Мы едем в Коневский скит, – во имя Божией Матери Коневской, верстах в шести от монастыря. К крыльцу гостиницы подан тарантас, запряженный сивой лошадкой. За кучера – монашонок-карел, "молчальник". Он всегда возит о. игумена и сидит на козлах по уставу: со страхом и трепетом. Во всю дорогу он не произнес ни звука. Лошадка неторопливая, ленивая, могла бы и походчей идти, но кнуток Валааму неизвестен: "блажен иже и скоты милуяй".
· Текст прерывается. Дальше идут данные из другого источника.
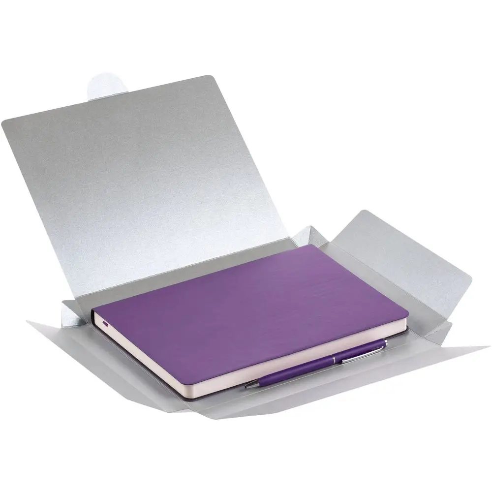 Недатированный ежедневник с гибкой обложкой из материала Latte с ляссе в цвет обложки, а также ручка в тон — в подарочной коробке из дизайнерского картона.

  Погода серенькая, дождливая: унесли лето журавли. Едем лесом. Остро пахнет грибами, осеннею горьковинкой хвои. Намокшие лапы елей цепляют нас за шляпы и осыпают дождем. Неуютно теперь в лесах. А как пойдут настоящие осенние дожди да бури, леса зашумят-завоют, повалят лесные буреломы, – жутко тогда в лесах. А отшельники по глухим скитам будут выстаивать ночи на молитве, а днями колоть дрова и собирать валежник. А рыбаки-монахи на своих древних ладьях выйдут на бурную Ладогу закидывать свои сети-мрежи; на кирпичном заводе трудники будут мять мокрую глину на кирпичи, каменотесы – ломать на горах гранит; машинист-монах пойдет на качливом "Валааме" за многие версты на дальние острова. Бури, ливни, метели, – все едино: Валаам не остановит своей работы – служения "во имя": подвижнических трудов, молитв. К полунощнице – движутся старцы по сугробам, лесам, проливам. Светит им Свет Христов.
  Едем орешником. Осенняя на нем ржавчина. Под колесами жвакает, сочится. Что это там краснеет? А, рябина. Мокрые кисти виснут. Скука и неуют. Вон болотце: унылая осока, шатаются камыши под ветром. Мокрый монашек повстречался, несет розовые грибы – рыжики, молоденькие, промытые. Весело нам кивает, словно и нет дождя. Опять часовня, плачет осенними слезами черный гранитный крест. Белки теперь по дуплам, и лисичка подремывает где-то. Вон, над полем с гнилым сараем, тряпками носятся вороны в ветре – какие-то у них дела. Гремят по "луде" колеса тарантаса. Прокатили: мягко, опять по иглам. От игол тянет душною скипидарной сыростью. Ну вот, приехали. Поперек дороги мокрый плетень из хвороста, – дальше и нет пути: тупик, скит.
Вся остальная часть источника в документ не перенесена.